### Task brief
Each line below must be reproduced exactly as it stands. Pictures stay out of the copy.

### Data extract
--- START ---

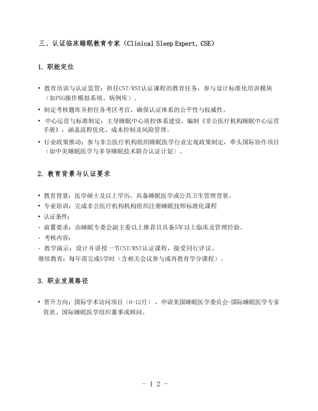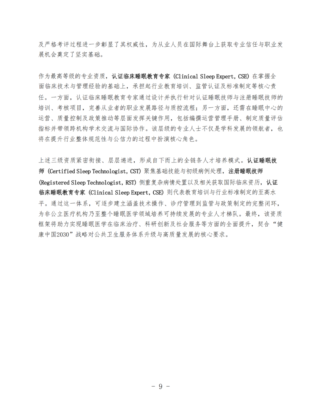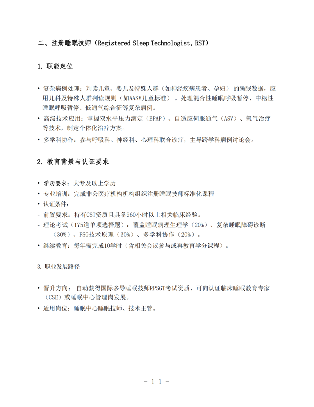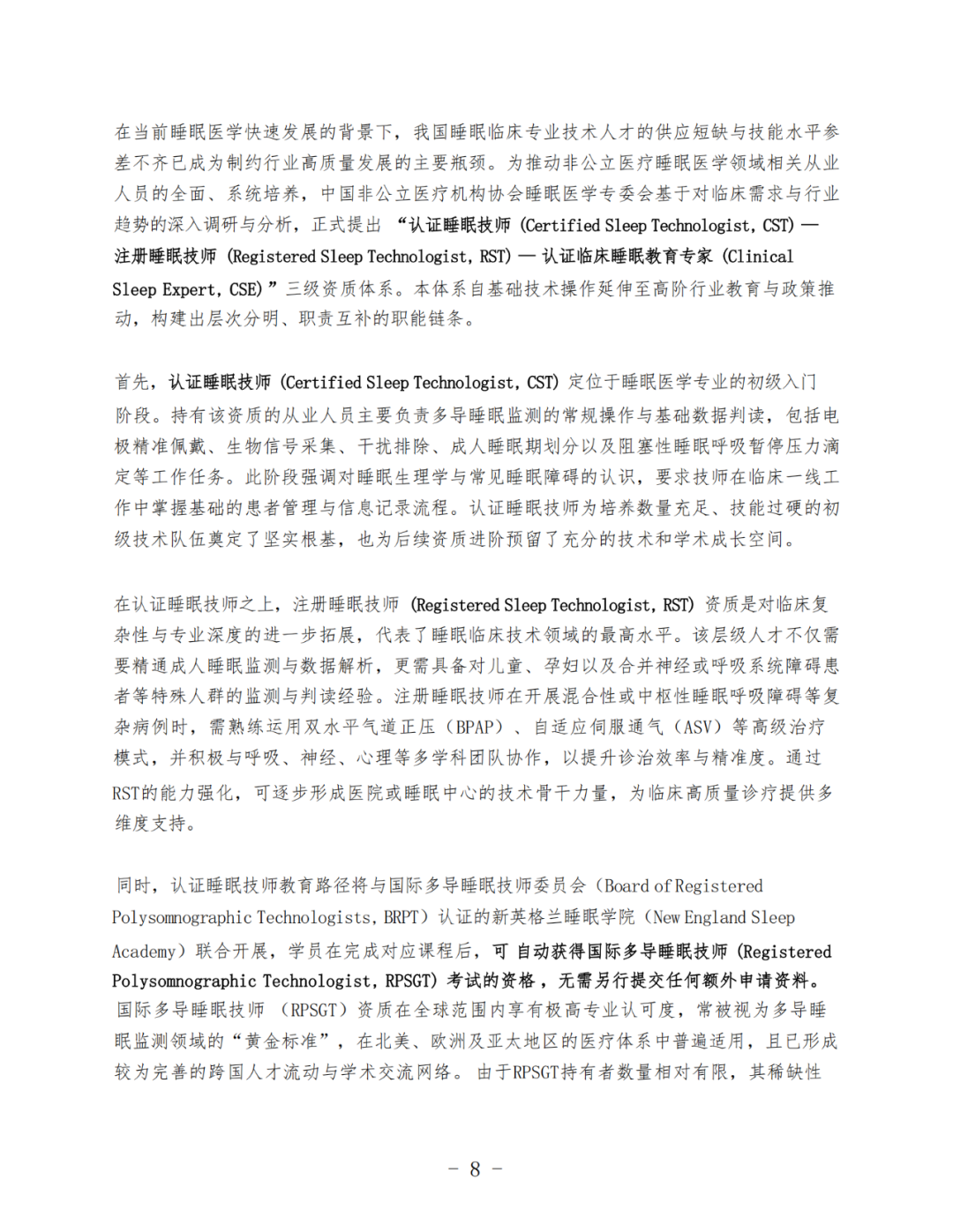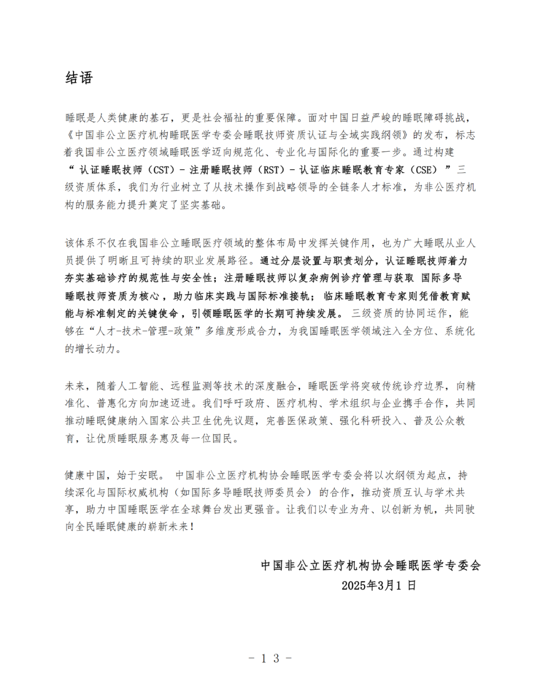 睡眠健康是关乎国民生命质量与公共卫生安全的核心议题。中国约有3亿人口受睡眠障碍困扰,而睡眠医学领域长期面临专业人才匮乏、技术标准不统一、医疗机构服务能力不足等挑战。为响应“健康中国2030”战略目标,推动睡眠医学的规范化与高质量发展,中国非公立医疗机构协会、中国非公立医疗机构协会睡眠医学专业委员会正式发布“睡眠技师资质认证与全域实践大纲”,并定于2025年3月19-20日在上海举办“睡眠技师资质认证专业能力进阶项目暨首期认证睡眠技师(CST)”培训班,同期召开“睡眠医学学科标准化体系建设研讨会及睡眠医学学术交流会”,现将有关事项通知如下:睡眠技师资质认证旨在构建覆盖“技术操作-诊疗管理-教育监管”的全链条体系,以三级资质为核心,包含:“认证睡眠技师(Certified Sleep Technologist,CST)—注册睡眠技师(Registered Sleep Technologist,RST)—认证临床睡眠教育专家(Clinical Sleep Expert,CSE)三级资质体系。从基础技术操作延伸至高阶行业教育与政策推动,构建出层次分明、职责互补的职能链条,明确各级资质的职能定位、认证标准与职业发展路径。三级资质紧密衔接、层层递进,形成自下而上的全链条人才培养模式。通过体系认证培训和考核,逐步建立涵盖技术操作、诊疗管理到监管与政策制定的完整闭环,为非公立医疗机构乃至整个睡眠医学领域培养可持续发展的专业人才梯队。认证睡眠技师(Certified Sleep Technologist,CST)聚焦基础技能与初级病例处理。注册睡眠技师(Registered Sleep Technologist,RST)侧重复杂病情处置以及相关获取国际临床资历。认证临床睡眠教育专家(Clinical Sleep Expert,CSE)则代表教育培训与行业标准制定的至高水平。(三)培训地点:上海德达医院行政楼一楼(地址:上海市青浦区徐乐路109号)。(三)医疗器械、实验室设备、科研仪器、互联网、投融资等相关企业代表。(一)证书授予:全程参加学习且考试合格者将授予“认证睡眠技师(Certified Sleep Technologist,CST)”专业能力培训证书。(二)缴费方式:培训费2000元/人,协会会员单位1600元/人,请意向学员扫描下方二维码报名缴费。
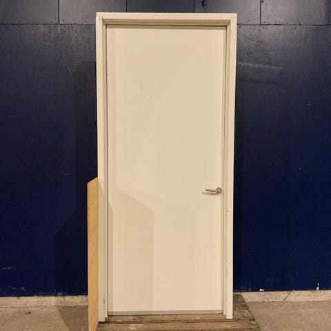 Indvendig dør i lyst træ. Døren har hængsel i siden og er egnet til brug indendørs,
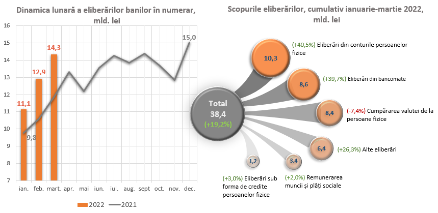 În luna martie 2022 volumul eliberărilor a constituit 14 333,3 mil. lei, fiind inferior volumului încasărilor cu 1194,7 mil. lei. Comparativ cu luna februarie 2022, eliberările de numerar s-au majorat cu 1 418,3 mil. lei sau cu 11,0 la sută.

--- END ---

### Answer below
 睡眠健康是关乎国民生命质量与公共卫生安全的核心议题。中国约有3亿人口受睡眠障碍困扰,而睡眠医学领域长期面临专业人才匮乏、技术标准不统一、医疗机构服务能力不足等挑战。为响应“健康中国2030”战略目标,推动睡眠医学的规范化与高质量发展,中国非公立医疗机构协会、中国非公立医疗机构协会睡眠医学专业委员会正式发布“睡眠技师资质认证与全域实践大纲”,并定于2025年3月19-20日在上海举办“睡眠技师资质认证专业能力进阶项目暨首期认证睡眠技师(CST)”培训班,同期召开“睡眠医学学科标准化体系建设研讨会及睡眠医学学术交流会”,现将有关事项通知如下:睡眠技师资质认证旨在构建覆盖“技术操作-诊疗管理-教育监管”的全链条体系,以三级资质为核心,包含:“认证睡眠技师(Certified Sleep Technologist,CST)—注册睡眠技师(Registered Sleep Technologist,RST)—认证临床睡眠教育专家(Clinical Sleep Expert,CSE)三级资质体系。从基础技术操作延伸至高阶行业教育与政策推动,构建出层次分明、职责互补的职能链条,明确各级资质的职能定位、认证标准与职业发展路径。三级资质紧密衔接、层层递进,形成自下而上的全链条人才培养模式。通过体系认证培训和考核,逐步建立涵盖技术操作、诊疗管理到监管与政策制定的完整闭环,为非公立医疗机构乃至整个睡眠医学领域培养可持续发展的专业人才梯队。认证睡眠技师(Certified Sleep Technologist,CST)聚焦基础技能与初级病例处理。注册睡眠技师(Registered Sleep Technologist,RST)侧重复杂病情处置以及相关获取国际临床资历。认证临床睡眠教育专家(Clinical Sleep Expert,CSE)则代表教育培训与行业标准制定的至高水平。(三)培训地点:上海德达医院行政楼一楼(地址:上海市青浦区徐乐路109号)。(三)医疗器械、实验室设备、科研仪器、互联网、投融资等相关企业代表。(一)证书授予:全程参加学习且考试合格者将授予“认证睡眠技师(Certified Sleep Technologist,CST)”专业能力培训证书。(二)缴费方式:培训费2000元/人,协会会员单位1600元/人,请意向学员扫描下方二维码报名缴费。
 Indvendig dør i lyst træ. Døren har hængsel i siden og er egnet til brug indendørs,
 În luna martie 2022 volumul eliberărilor a constituit 14 333,3 mil. lei, fiind inferior volumului încasărilor cu 1194,7 mil. lei. Comparativ cu luna februarie 2022, eliberările de numerar s-au majorat cu 1 418,3 mil. lei sau cu 11,0 la sută.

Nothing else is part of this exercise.